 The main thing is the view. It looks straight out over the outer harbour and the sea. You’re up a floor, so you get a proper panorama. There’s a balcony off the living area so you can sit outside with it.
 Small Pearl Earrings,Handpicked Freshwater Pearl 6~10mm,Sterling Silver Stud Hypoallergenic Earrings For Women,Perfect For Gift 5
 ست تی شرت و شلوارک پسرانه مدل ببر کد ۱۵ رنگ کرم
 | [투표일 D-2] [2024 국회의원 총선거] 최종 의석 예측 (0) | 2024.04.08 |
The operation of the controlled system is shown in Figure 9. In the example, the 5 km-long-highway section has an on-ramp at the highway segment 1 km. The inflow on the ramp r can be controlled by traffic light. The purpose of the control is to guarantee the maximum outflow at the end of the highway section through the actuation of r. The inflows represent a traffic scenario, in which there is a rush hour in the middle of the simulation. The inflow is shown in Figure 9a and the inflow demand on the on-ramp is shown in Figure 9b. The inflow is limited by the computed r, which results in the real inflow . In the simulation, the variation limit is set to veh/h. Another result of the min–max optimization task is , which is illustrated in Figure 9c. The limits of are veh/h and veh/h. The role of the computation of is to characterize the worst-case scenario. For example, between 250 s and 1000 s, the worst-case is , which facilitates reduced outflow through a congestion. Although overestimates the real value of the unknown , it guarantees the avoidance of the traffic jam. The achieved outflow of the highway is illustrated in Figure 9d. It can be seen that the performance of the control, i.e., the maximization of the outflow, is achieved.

━━━━━━━━━━━━━━━━━━━━

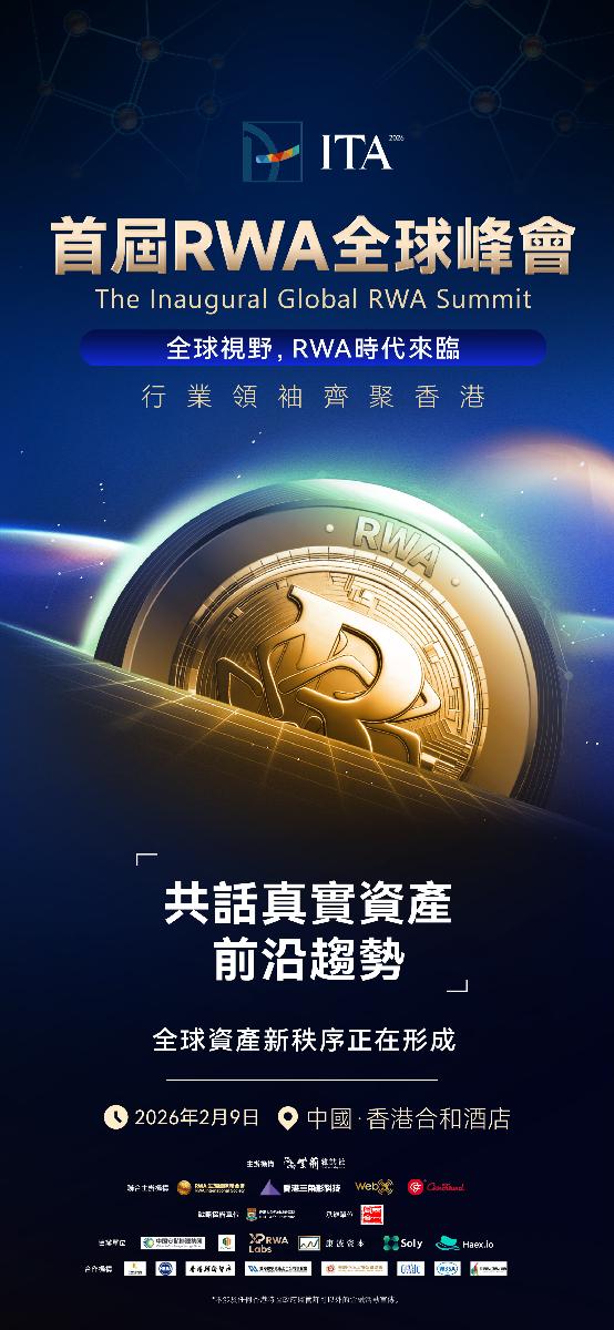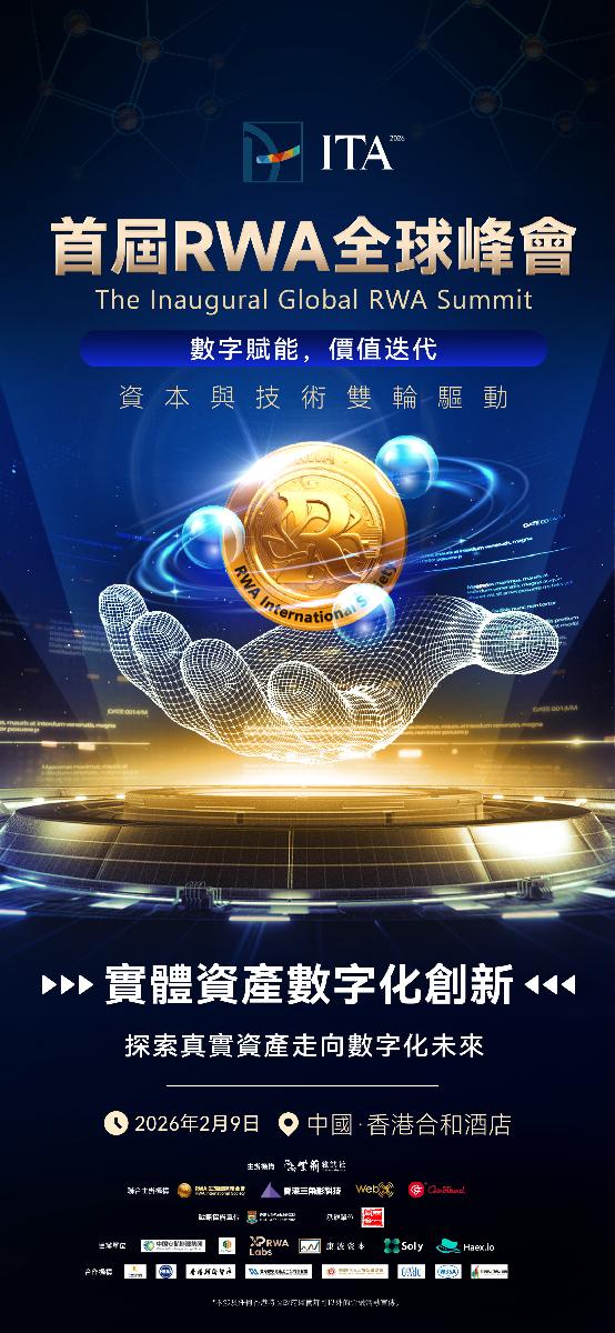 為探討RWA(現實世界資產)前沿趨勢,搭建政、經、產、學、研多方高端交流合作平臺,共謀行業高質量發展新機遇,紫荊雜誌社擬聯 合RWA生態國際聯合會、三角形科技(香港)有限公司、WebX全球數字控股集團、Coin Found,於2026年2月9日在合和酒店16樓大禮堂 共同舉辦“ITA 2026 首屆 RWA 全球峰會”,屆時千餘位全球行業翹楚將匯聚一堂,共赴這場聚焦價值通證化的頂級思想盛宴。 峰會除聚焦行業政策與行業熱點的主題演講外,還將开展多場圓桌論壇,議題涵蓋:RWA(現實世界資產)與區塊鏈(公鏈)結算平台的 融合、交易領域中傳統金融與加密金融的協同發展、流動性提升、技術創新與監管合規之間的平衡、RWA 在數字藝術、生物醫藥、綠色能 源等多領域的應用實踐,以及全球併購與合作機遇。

━━━━━━━━━━━━━━━━━━━━

### THE TASK
Look above for the line holding "Small Pearl Earrings,Handpicked", then set down exactly that line and every line after it up to and including the line holding "The operation of", with nothing else.

### RESPONSE BOX
 Small Pearl Earrings,Handpicked Freshwater Pearl 6~10mm,Sterling Silver Stud Hypoallergenic Earrings For Women,Perfect For Gift 5
 ست تی شرت و شلوارک پسرانه مدل ببر کد ۱۵ رنگ کرم
 | [투표일 D-2] [2024 국회의원 총선거] 최종 의석 예측 (0) | 2024.04.08 |
The operation of the controlled system is shown in Figure 9. In the example, the 5 km-long-highway section has an on-ramp at the highway segment 1 km. The inflow on the ramp r can be controlled by traffic light. The purpose of the control is to guarantee the maximum outflow at the end of the highway section through the actuation of r. The inflows represent a traffic scenario, in which there is a rush hour in the middle of the simulation. The inflow is shown in Figure 9a and the inflow demand on the on-ramp is shown in Figure 9b. The inflow is limited by the computed r, which results in the real inflow . In the simulation, the variation limit is set to veh/h. Another result of the min–max optimization task is , which is illustrated in Figure 9c. The limits of are veh/h and veh/h. The role of the computation of is to characterize the worst-case scenario. For example, between 250 s and 1000 s, the worst-case is , which facilitates reduced outflow through a congestion. Although overestimates the real value of the unknown , it guarantees the avoidance of the traffic jam. The achieved outflow of the highway is illustrated in Figure 9d. It can be seen that the performance of the control, i.e., the maximization of the outflow, is achieved.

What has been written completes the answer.